Give again, word for word, every line below from the one that has "Довольно редкое издание!" through the one that has "圖5為原始形貌圖和差值處理后", both included, and no others.
----- Given records -----
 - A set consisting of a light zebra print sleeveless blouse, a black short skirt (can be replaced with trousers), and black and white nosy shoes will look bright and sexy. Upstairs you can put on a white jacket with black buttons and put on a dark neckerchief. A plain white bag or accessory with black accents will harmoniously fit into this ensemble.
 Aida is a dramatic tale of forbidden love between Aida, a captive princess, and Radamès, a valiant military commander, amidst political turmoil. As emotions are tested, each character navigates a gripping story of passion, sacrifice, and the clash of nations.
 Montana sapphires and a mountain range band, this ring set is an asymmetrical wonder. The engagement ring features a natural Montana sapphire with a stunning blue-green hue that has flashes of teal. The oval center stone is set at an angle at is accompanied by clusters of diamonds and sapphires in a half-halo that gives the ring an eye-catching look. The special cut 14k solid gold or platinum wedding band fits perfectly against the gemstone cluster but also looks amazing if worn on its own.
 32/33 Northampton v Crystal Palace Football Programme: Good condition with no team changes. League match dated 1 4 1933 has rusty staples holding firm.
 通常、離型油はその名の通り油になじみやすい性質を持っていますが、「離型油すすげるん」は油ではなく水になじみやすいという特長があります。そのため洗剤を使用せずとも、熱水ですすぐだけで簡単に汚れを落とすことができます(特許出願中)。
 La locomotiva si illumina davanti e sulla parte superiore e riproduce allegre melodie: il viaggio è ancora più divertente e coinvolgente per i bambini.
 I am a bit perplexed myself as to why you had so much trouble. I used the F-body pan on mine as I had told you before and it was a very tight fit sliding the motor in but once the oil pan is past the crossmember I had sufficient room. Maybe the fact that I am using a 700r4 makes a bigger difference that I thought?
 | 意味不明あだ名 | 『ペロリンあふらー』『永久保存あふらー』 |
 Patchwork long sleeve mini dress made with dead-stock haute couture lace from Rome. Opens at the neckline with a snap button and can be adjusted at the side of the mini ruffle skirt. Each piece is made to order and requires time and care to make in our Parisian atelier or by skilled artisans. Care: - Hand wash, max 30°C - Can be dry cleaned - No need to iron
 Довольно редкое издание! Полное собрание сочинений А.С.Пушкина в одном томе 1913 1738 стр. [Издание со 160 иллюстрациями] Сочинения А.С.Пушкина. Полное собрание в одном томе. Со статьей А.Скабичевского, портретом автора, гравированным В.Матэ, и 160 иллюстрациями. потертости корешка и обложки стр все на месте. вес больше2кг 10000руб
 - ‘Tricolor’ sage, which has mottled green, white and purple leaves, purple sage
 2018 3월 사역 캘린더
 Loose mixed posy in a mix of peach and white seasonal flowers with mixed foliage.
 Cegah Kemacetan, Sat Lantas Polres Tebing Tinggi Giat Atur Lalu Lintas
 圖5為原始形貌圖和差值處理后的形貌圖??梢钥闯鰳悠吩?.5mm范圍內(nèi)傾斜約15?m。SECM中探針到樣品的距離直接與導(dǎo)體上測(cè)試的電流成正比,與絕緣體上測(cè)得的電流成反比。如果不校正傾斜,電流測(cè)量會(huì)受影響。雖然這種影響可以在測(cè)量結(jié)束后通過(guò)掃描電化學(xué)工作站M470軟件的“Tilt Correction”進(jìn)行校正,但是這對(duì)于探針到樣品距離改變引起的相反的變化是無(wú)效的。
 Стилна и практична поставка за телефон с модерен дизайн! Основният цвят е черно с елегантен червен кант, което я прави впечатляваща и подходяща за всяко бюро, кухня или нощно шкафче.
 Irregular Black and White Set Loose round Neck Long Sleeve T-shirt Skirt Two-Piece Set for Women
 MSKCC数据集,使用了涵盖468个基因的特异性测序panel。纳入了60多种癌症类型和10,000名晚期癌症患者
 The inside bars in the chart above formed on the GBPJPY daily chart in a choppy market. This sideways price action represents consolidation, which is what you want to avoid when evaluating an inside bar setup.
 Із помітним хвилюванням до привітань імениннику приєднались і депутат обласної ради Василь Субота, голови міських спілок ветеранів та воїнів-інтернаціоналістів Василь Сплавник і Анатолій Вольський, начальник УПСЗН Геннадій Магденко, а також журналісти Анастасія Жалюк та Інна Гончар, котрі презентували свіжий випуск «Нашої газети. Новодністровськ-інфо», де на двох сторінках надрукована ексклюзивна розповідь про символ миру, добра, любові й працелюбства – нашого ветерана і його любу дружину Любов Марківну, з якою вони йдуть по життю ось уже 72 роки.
-----
__Exercise output__.
 Довольно редкое издание! Полное собрание сочинений А.С.Пушкина в одном томе 1913 1738 стр. [Издание со 160 иллюстрациями] Сочинения А.С.Пушкина. Полное собрание в одном томе. Со статьей А.Скабичевского, портретом автора, гравированным В.Матэ, и 160 иллюстрациями. потертости корешка и обложки стр все на месте. вес больше2кг 10000руб
 - ‘Tricolor’ sage, which has mottled green, white and purple leaves, purple sage
 2018 3월 사역 캘린더
 Loose mixed posy in a mix of peach and white seasonal flowers with mixed foliage.
 Cegah Kemacetan, Sat Lantas Polres Tebing Tinggi Giat Atur Lalu Lintas
 圖5為原始形貌圖和差值處理后的形貌圖??梢钥闯鰳悠吩?.5mm范圍內(nèi)傾斜約15?m。SECM中探針到樣品的距離直接與導(dǎo)體上測(cè)試的電流成正比,與絕緣體上測(cè)得的電流成反比。如果不校正傾斜,電流測(cè)量會(huì)受影響。雖然這種影響可以在測(cè)量結(jié)束后通過(guò)掃描電化學(xué)工作站M470軟件的“Tilt Correction”進(jìn)行校正,但是這對(duì)于探針到樣品距離改變引起的相反的變化是無(wú)效的。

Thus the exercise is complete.